Thema „Wie man auch als lieber netter Mann eine Frau verjagen kann – indem man zu viel macht“. Denn das tun Menschen, die unbedingt Liebe wollen.


Weil Freundinnen und Klientinnen von mir öfter erleben, dass ein Mann zu viel Gas gibt, erzähle ich euch heute, wie das auf eine Frau wirkt. Vor einiger Zeit lernte ich über eine Singlebörse einen Mann kennen, nennen wir ihn Andreas. Vor dem ersten Treffen hatten wir Mailaustausch und zwei Telefonate; ich war begeistert, weil er auf seinem Foto so etwas ganz Ruhiges, Tiefes ausstrahlte und richtig gute Sachen im Profil stehen hatte; auch die Mails und Telefonate waren sehr angenehm.
Dann traf ich ihn. Live wirkte er nicht mehr ruhig, tiefgründig und selbstbewusst, sondern nervös, unsicher und anbiedernd. Das merkte ich an ganz winzigen Sachen: an seiner Körperhaltung, an seinen Blicken, an dem leichten Zittern seiner Unterlippe, an seinem Herumgenestle mit den Händen usw. Dass das nicht grade sexy war, könnt ihr euch denken. Es gibt Männer, bei denen auch Unsicherheit sexy wirkt, und zwar dann, wenn sie dazu stehen und es mit Humor oder Selbstironie nehmen. Andreas wirkte eher, als sei er ein bisschen verzweifelt.
Ein Strauß rote Rosen schon zum ersten Date wirkt übereifrig
Zudem hatte er einen Strauß rote Rosen für mich dabei – nette Geste, aber viel zu viel! Rote Rosen sind ja ein Zeichen von Liebe, aber das ist unangebracht bei jemand, den man noch nie getroffen hat! Und es wirkt liebesbedürftig. Der Haken an Liebesbedürftigkeit ist nicht nur, dass die Betroffenen dazu neigen, sich klein zu machen/ zu verbiegen, nur um Liebe zu bekommen (man darf sich NIEMALS klein machen/ verbiegen, um Liebe zu bekommen, niemals! Dein Gegenüber spürt es, dass du nicht mehr auf Augenhöhe bist, sondern ihn/sie über dich stellst!); sondern auch, dass das bei mir, der Empfängerin, den Eindruck hervorruft, dass es ihm vor allem darum geht, Liebe zu bekommen, denn er nimmt sich ja noch nicht mal richtig Zeit, mich kennen zu lernen.
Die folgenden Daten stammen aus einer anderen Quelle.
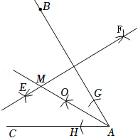 GH的长为半径画弧,两弧在∠BAC的内部相交于点O,画射线AO,交直线EF于点M.已知线段AB=6,∠BAC=60°,则点M到射线AC的距离为 .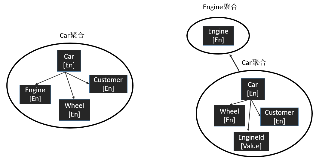 因此我们考虑把发动机作为一个单独的业务域,Car聚合里面只需要记录EngineId。无论是发动机的运行数据或者发动机的监控、升级等操作,都由发动机自己负责。同时因为Car聚合记录了EngineId,必要的情况下我们可以方便的从EngineRepository中获得Engine对象,这也算是做到了懒加载。可以想象,系统中假如存在千万级别的Car实例,按照最初的方案就会有千万级别的Engine对象,但是我相信并不是每一次对Car实例的调用都需要获取其Engine信息,这就造成了大量的内存消耗。相对于最初的方案,我们的聚合或更小,也更灵活。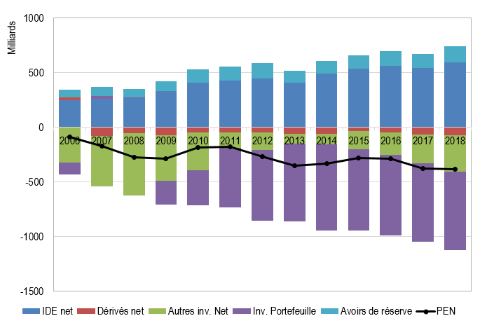 [1] La position extérieure nette mesure le stock net d’investissement des résidents français vis-à-vis du reste du monde. Son niveau ressort à -385 Mds d’euros en 2018, soit 16,4 % du PIB, très proche du niveau de 2017 (- 381 Mds, 16,6 % du PIB) et du même ordre que celui de 2013 (- 350 Mds, 16,5 % du PIB).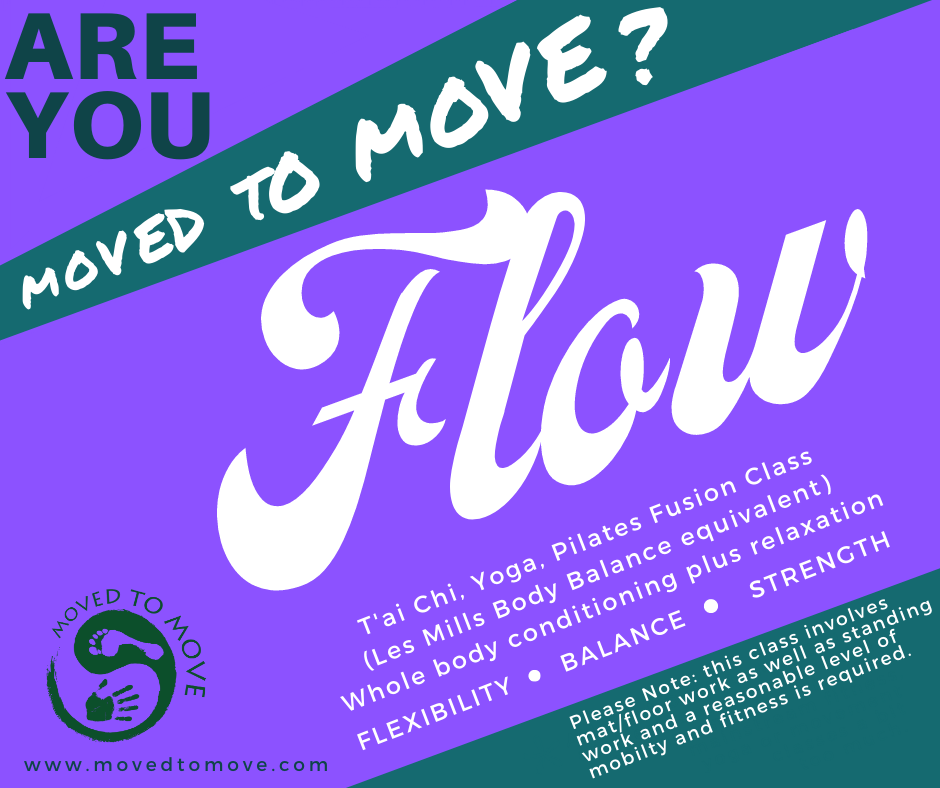 MOVEDtoMOVE's FLOW class offers an all round feel-good fusion of body conditioning, flexibility and relaxation as well as creating a great balance between mind and body. It's also a class that just makes Carolyn smile! Movements in these classes are based on T'ai Chi, Yoga and Pilates elements. Option for an evening FLOW class upon request.

Er wirft seine vermeintlichen Liebesgefühle und seine diesbezüglichen Wünsche also auf seine Illusion von mir, statt mich als reelle Person und Persönlichkeit ganz langsam lieben zu lernen.
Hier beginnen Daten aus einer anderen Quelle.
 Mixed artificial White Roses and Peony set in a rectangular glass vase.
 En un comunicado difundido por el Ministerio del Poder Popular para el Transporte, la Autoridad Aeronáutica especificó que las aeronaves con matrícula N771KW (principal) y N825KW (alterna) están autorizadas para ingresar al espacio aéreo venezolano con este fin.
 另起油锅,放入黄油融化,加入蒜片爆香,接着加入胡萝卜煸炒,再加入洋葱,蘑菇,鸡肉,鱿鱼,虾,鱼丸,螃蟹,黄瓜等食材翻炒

Zurück zu Andreas: Beim ersten Date merkte ich schon, dass er mir sehr zugeneigt war, ich meinerseits war mir aber nicht so sicher. Mich störte das, was ich beobachtet hatte, ein bisschen; er wirkte auf mich nicht stark genug, um mir ein ebenbürtiger Partner zu sein, aber vielleicht verunsicherten ihn erste Dates sehr… ich wollte ihn mir auf jeden Fall noch näher ansehen, vielleicht einfach ein paar nette lockere Treffen haben.
Bereits nachts schrieb er eine SMS:
«Ich fand es sehr schön mit Dir 😀
mag Dich gerne wiedersehen!
Alles Liebe, Andreas»

(Sowas sollte man eigentlich nur machen, wenn man deutlich gespürt hat, dass es der Frau auch so geht.)
Ich erwiderte am Morgen:
«Hi Andreas,
ich sollte vielleicht vorsichtshalber anmerken, dass es bei mir nicht “gefunkt” hat; aber ein Wiedersehen können wir gern machen – z.B. wandern gehen?»
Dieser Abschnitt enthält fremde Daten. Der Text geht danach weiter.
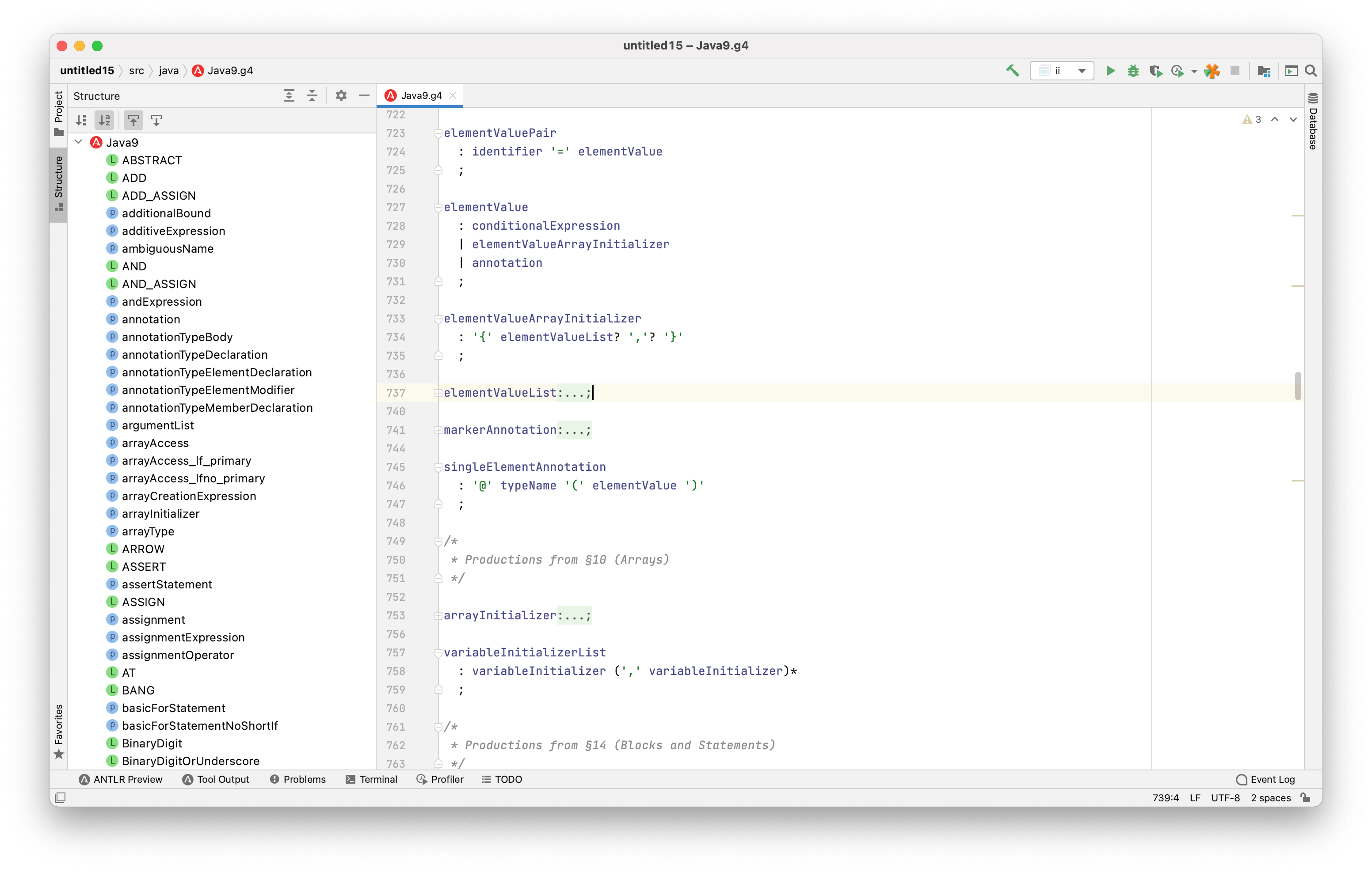 ANTLR (ANother Tool for Language Recognition) is a powerful parser generator for reading, processing, executing, or translating structured text or binary files.

Dies nahm er gleich zum Anlass, mich bereits Stunden später zu fragen, wann wir denn mal spazieren oder wandern gehen könnten.
Zu schnell, zu viel!
Ich erwiderte, ich hätte derzeit viel zu tun und wenig Zeit (was ungefähr der Wahrheit entsprach – allerdings ist es auch so: wenn eine Frau einen Mann toll findet, will sie ihn binnen weniger Tage wiedersehen und kann sich fast immer ein Zeitfenster schaffen). Das nahm er aber, leicht blind vor Liebesbedürftigkeit, nicht so recht ernst und schickte mir im Verlauf von anderthalb Wochen unheimlich viele Whatsapp-Nachrichten – zum Teil nur Smileys und Blümchen, wie furchtbar! Ich bin doch nicht 10 Jahre alt!
Auf 1 Nachricht von mir kamen im Durchschnitt 5 – 6 Nachrichten von ihm. Nicht gut.
Dazu kam, dass manche seiner Nachrichten mir zu nah auf die Pelle rückten: „Guten Morgen, mein Engel“ (sobald ich morgens bei Whatsapp online ging), „guten Abend, du Schöne“, „Gute Nacht und träume süß“, und das jeden Tag! Smileys mit Kussmund, Blümchen, der Vorschlag, dass er mich bekochen wolle, oder auch, mir die Füße massieren könne…
Je mehr solche Sachen kamen, desto mehr fühlte ich mich bedrängt und desto weniger hatte ich Lust auf ein erneutes Treffen.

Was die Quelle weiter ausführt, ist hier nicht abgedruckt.